Что он из себя представлял к тому моменту, когда магическое знание раскрыло ему свои объятия… Хотя к чему эти сантименты. Было так: какой-то студент Хогвартса, не выучивший урок по зельеварению, плакался на задворках магической академии и, не разбирая дороги, споткнулся о чей-то череп и полетел в канаву, граничащую с обычным миром.
В этой канаве он нос к носом столкнулся с замурзанным пьяницей и так шуганулся его небритого фейса, что начал выкрикивать все подряд заклинания, которые осилил запомнить. Вместо волшебной палочки он с перепугу схватил первое, что попалось под руку — угвазданный в канавной грязи совок. Это и спасло Бактериуса от Авады.
В лице Бактериуса прогульщик нашёл чуткого и внимательного слушателя. Что-то Бакти мотал на ус, что-то записывал в вонючий блокнот, где хранил фамилии кредиторов, и слово за слово вытянул из хогвартской нюни всё.

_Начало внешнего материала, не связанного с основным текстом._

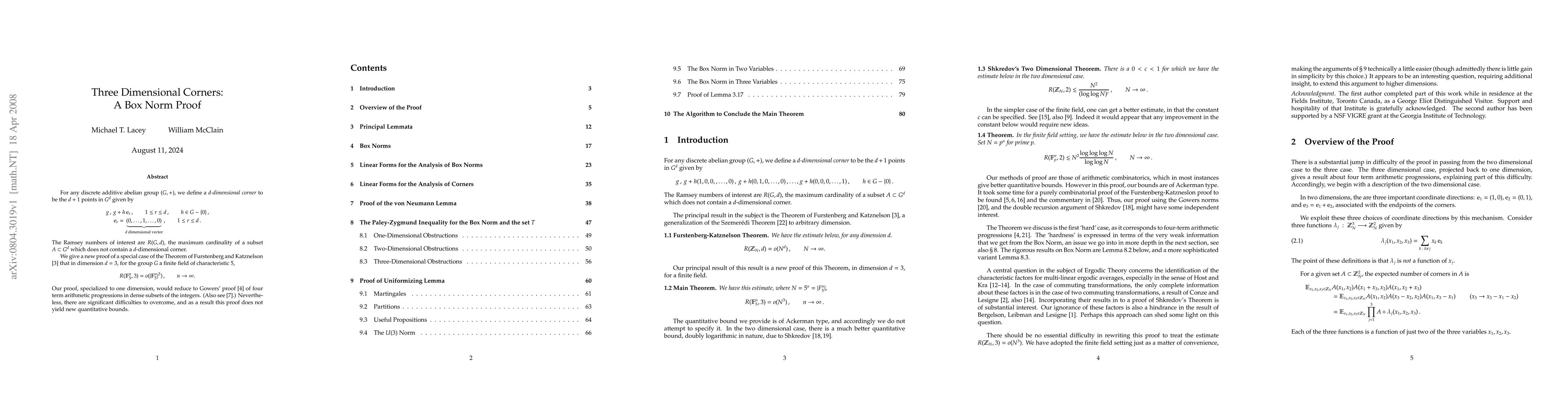 In an additive group (G,+), a three-dimensional corner is the four points g, g+d(1,0,0), g+d(0,1,0), g+d(0,0,1), where g is in G^3, and d is a non-zero element of G. The Ramsey number of interest is R_3(G) the maximal cardinality of a subset of G^3 that does not contain a three-dimensional corner. Furstenberg and Katznelson have shown R_3(Z_N) is little-o of N^3, and in fact the corresponding result holds in all dimensions, a result that is a far reaching extension of the Szemeredi Theorem. We give a new proof of the finite field version of this fact, a proof that is a common generalization of the Gowers proof of Szemeredi's Theorem for four term progressions, and the result of Shkredov on two-dimensional corners. The principal tool are the Gowers Box Norms.
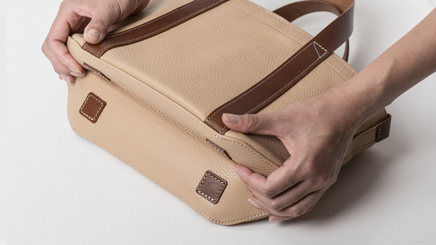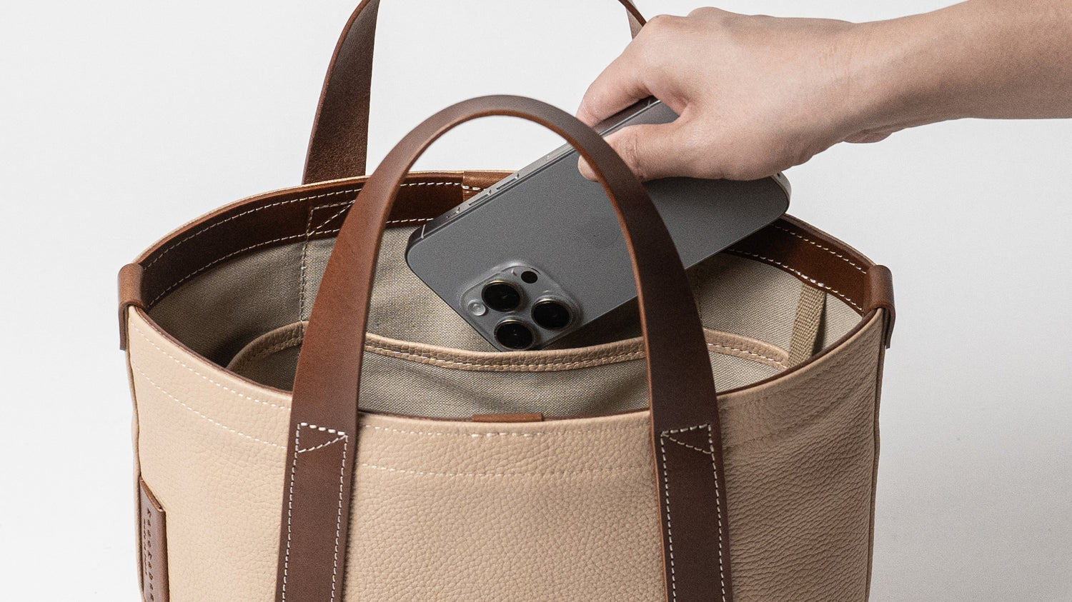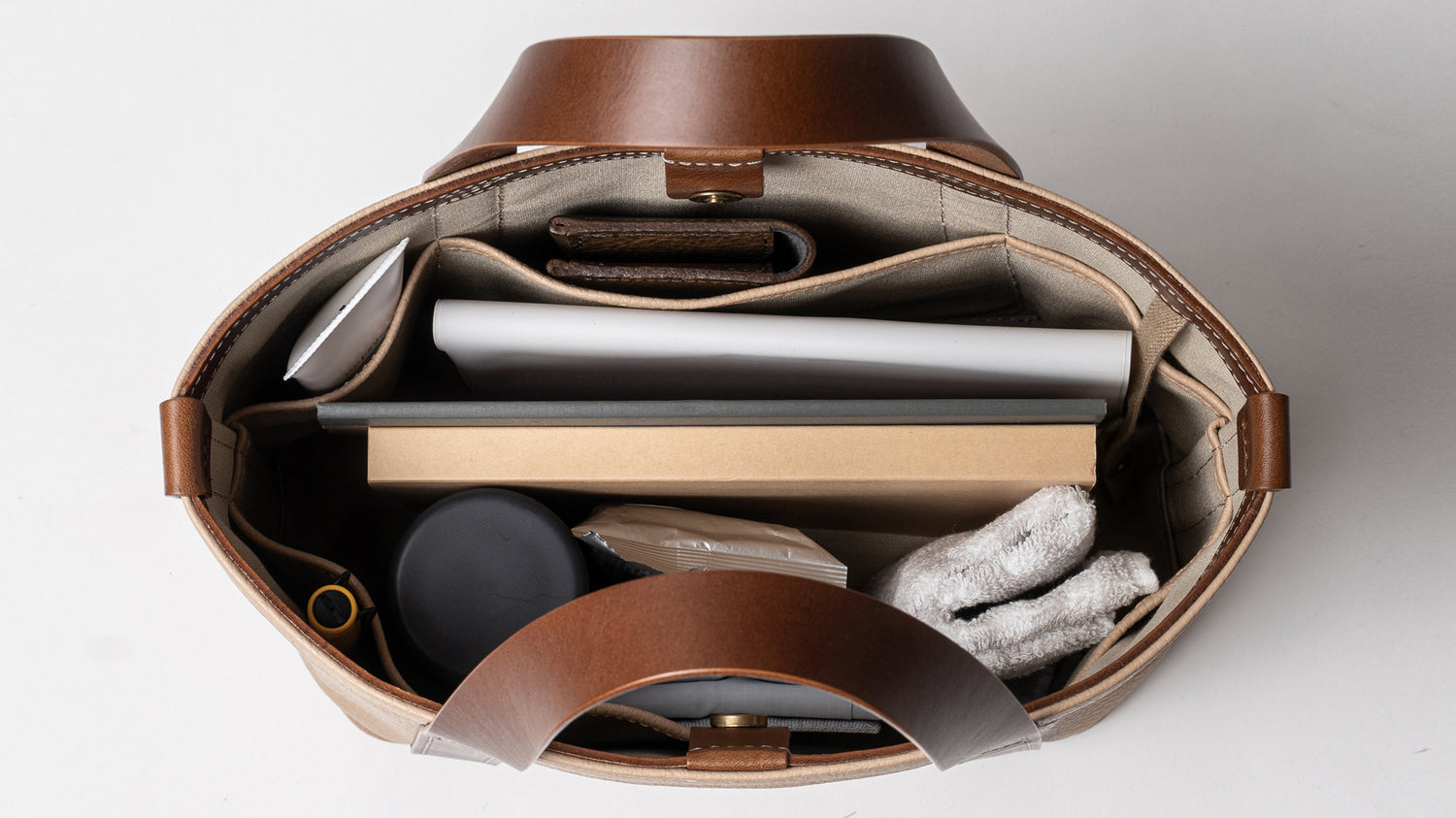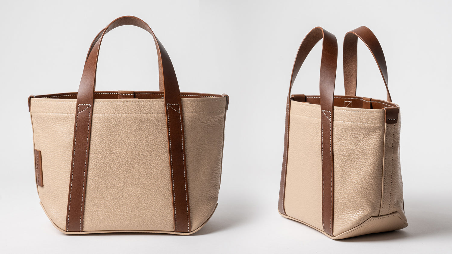バッグ本体とハンドルで構成されたミニマムなデザインは男女問わずに毎日お使いいただけます。ちょっと変わった底の形状や、ハンドルの三角補強ステッチも魅力です。
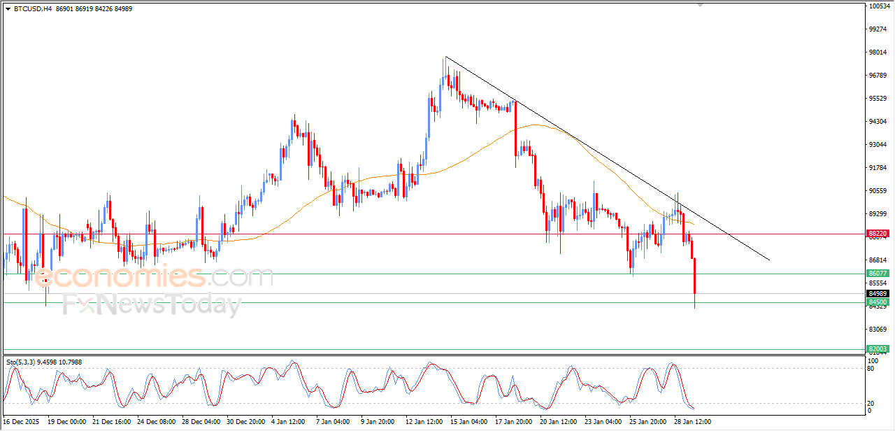 انزلق سعر البتكوين (BTCUSD) انخفاضاً خلال تداولاته اللحظية الأخيرة، ليكسر مستوى الدعم 86,000$ هذا الدعم الذي كان هدفاً سعرياً لنا بتحليلاتنا السابقة، وليصل بدوره إلى الدعم المحوري 84,500$ استعداداً لكسره، وسط استمرار الضغط السلبي نتيجة تداولاته دون متوسطه المتحرك البسيط لفترة 50، مع سيطرة الاتجاه الهابط وتداولاته بمحاذاة خط ميل داعم لهذا المسار، بالإضافة لتوارد الإشارات السلبية من مؤشرات القوة النسبية، بالرغم من وصولها لمناطق شديدة التشبع بعمليات البيع.
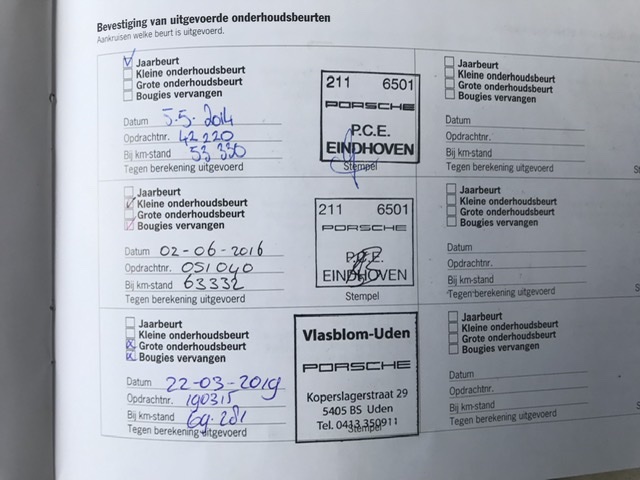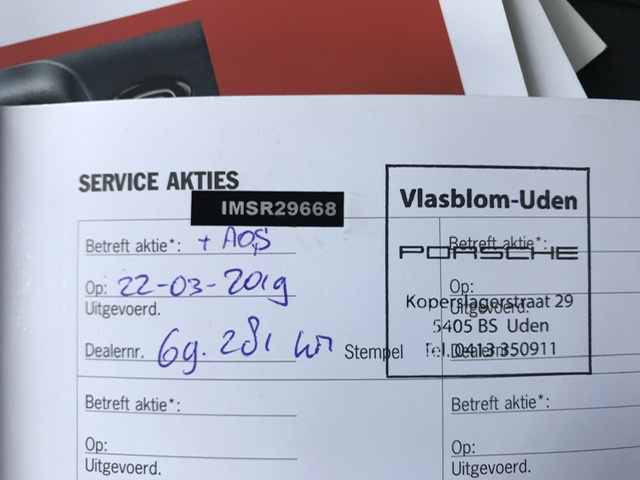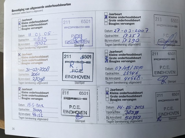 Auto porsche center Eindhoven geleverd en altijd onderhouden toen ik de 996 heb gekocht bij zuffenhaus in Hilversum heb ik de autoresto ims ed eruit laten halen en alles vervangen door Paul vlasblom die het anders uitvoerd en een keramisch lager van ln engineering Toepast waar ik een goed gevoel bij heb.
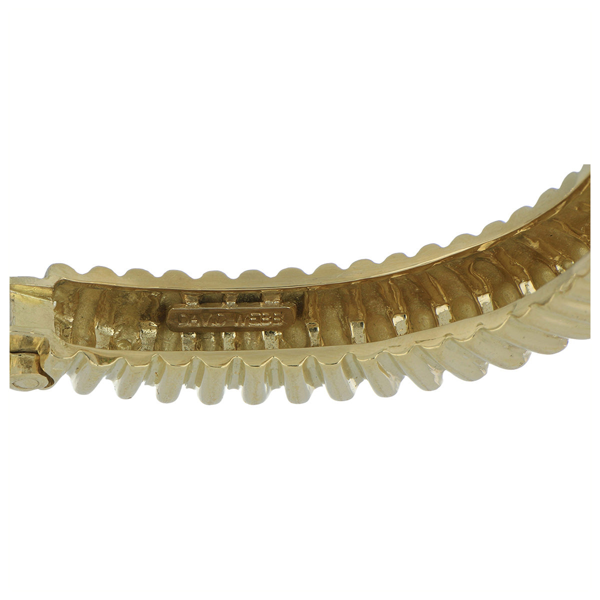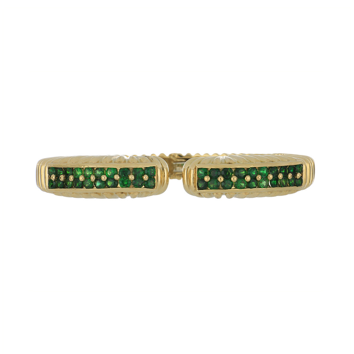 A vintage David Webb polished ridged cuff with round green tsavorite garnet in 18K yellow gold. Circa1980.
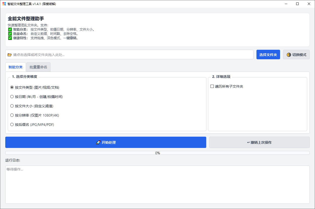 拖拽支持是工具的一大亮点,用户可直接从资源管理器或访达拖拽文件夹至软件窗口,系统会自动识别路径并进行预扫描。选中文件夹后,日志区会实时显示目录下的文件数量,让用户对整理规模心中有数。
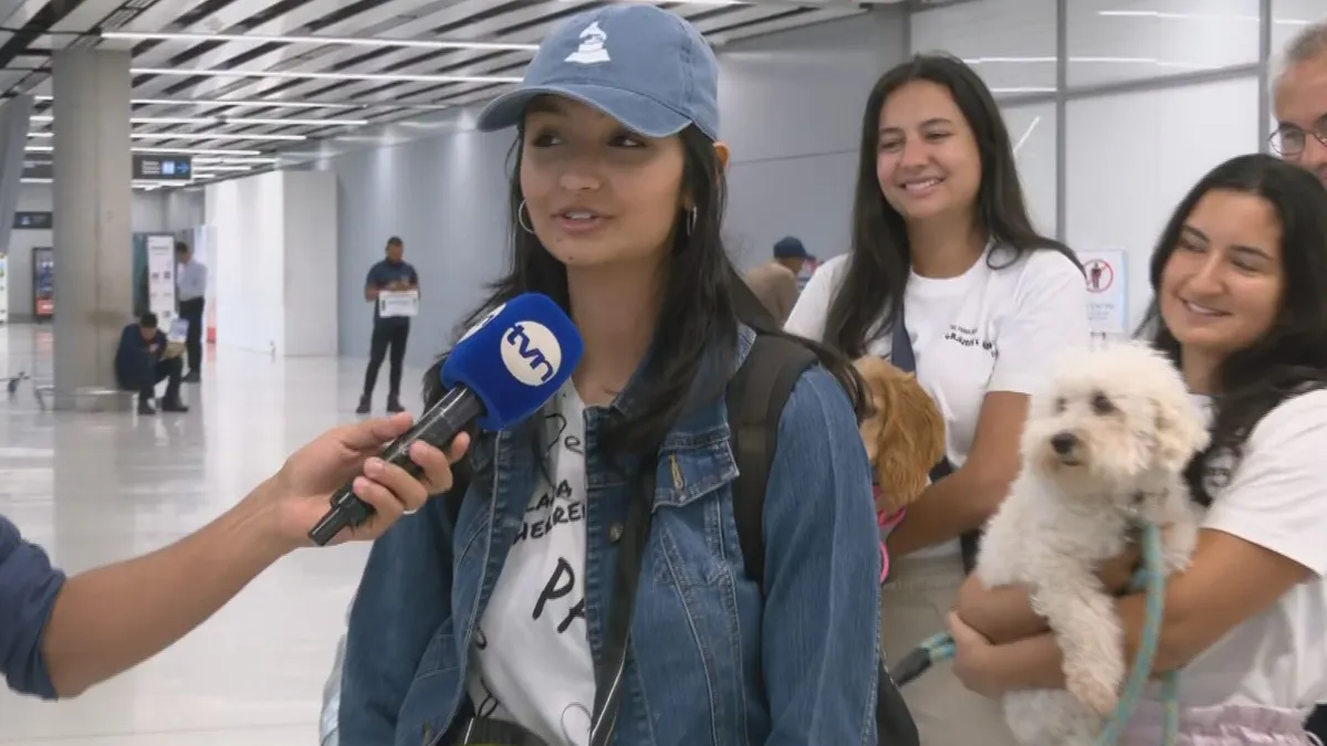 En el aeropuerto la esperaba su familia, incluso su mascota.
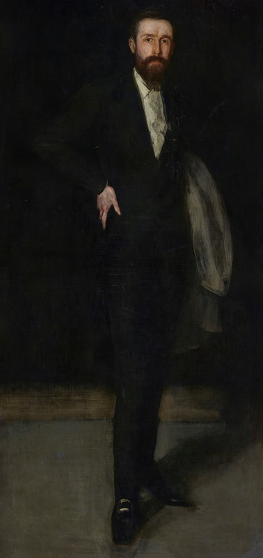 Whistler's portrait of Leyland is part of his series of "arrangements," where he emphasized the harmonious balance of color and form over the traditional focus on the subject's identity or narrative. In this particular work, Whistler employs a predominantly black palette, which is characteristic of his interest in tonal harmony and subtle gradations of color. The painting reflects Whistler's belief in "art for art's sake," a philosophy that prioritizes aesthetic experience over representational accuracy or storytelling.
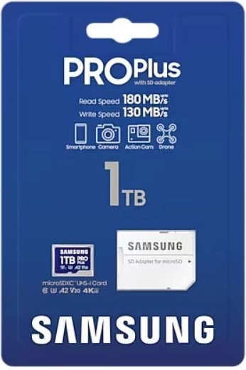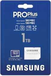 Bővítse eszköze tárhelyét és teljesítményét a SAMSUNG PRO Plus microSDXC 1 TB kártyával és a SD adapterrel. Akár 180/130 MB/s (olvasás/írás) sebességet kínál, U3, V30, A2 besorolással 4K videóhoz és igényes alkalmazásokhoz, valamint 6-szoros védelemmel víz, hőmérséklet, röntgensugárzás, mágneses tér, esések és kopás ellen. Ideális Android okostelefonokhoz, tabletekhez, akciókamerákhoz, drónokhoz és játékkonzolokhoz is.
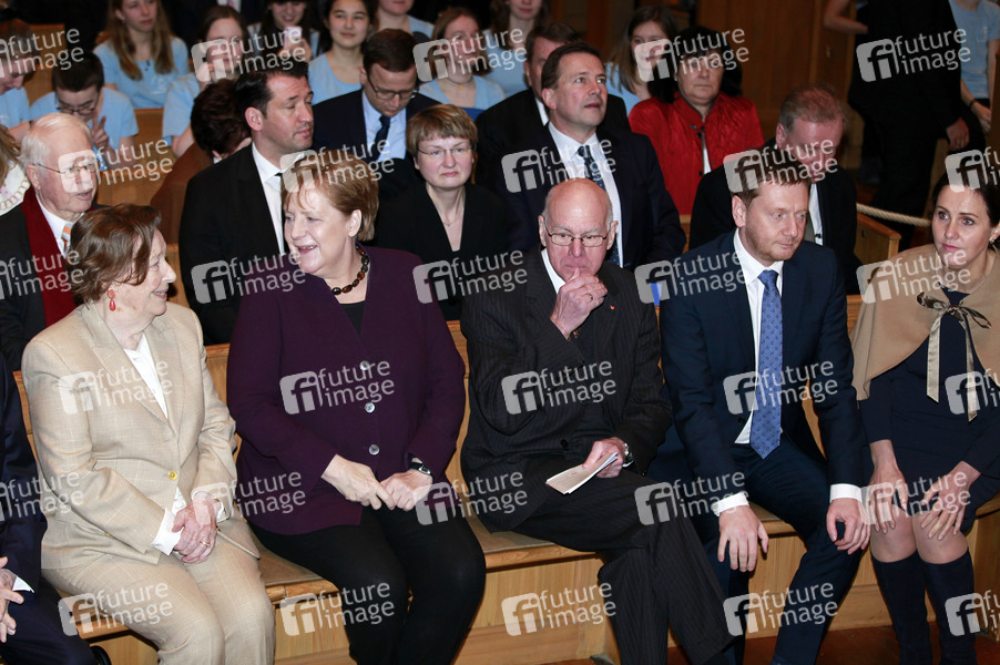 Ingrid Biedenkopf, Angela Merkel, Norbert Lammert, Michael Kretschmer und Annett Hofmann bei der Festveranstaltung '30 Jahre Friedliche Revolution und Neugründung des Freistaates Sachsen - 90 Jahre Kurt Biedenkopf' in der Frauenkirche. Dresden, 28.01.2020

И про галлеоны, и про Гринготтский банк, и про заклинания, и про оборотное зелье, и про совиную почту, и про Статут о Секретности, в данный момент благополучно нарушенный. Много чего рассказал гриффиндорский двоечник, то и дело протирая очки от соплей. Через час Бакти был единственным маглом в мире, который знал, что он магл. Для немытого эзотерика стало великим откровением, что магии можно обучиться — при наличии способностей, разумеется, что профессор МакГонагалл умеет обращаться в кошку и что метла — не подметалка, а летательное средство. И что профессор зельеварения — злобная носатая сволочь.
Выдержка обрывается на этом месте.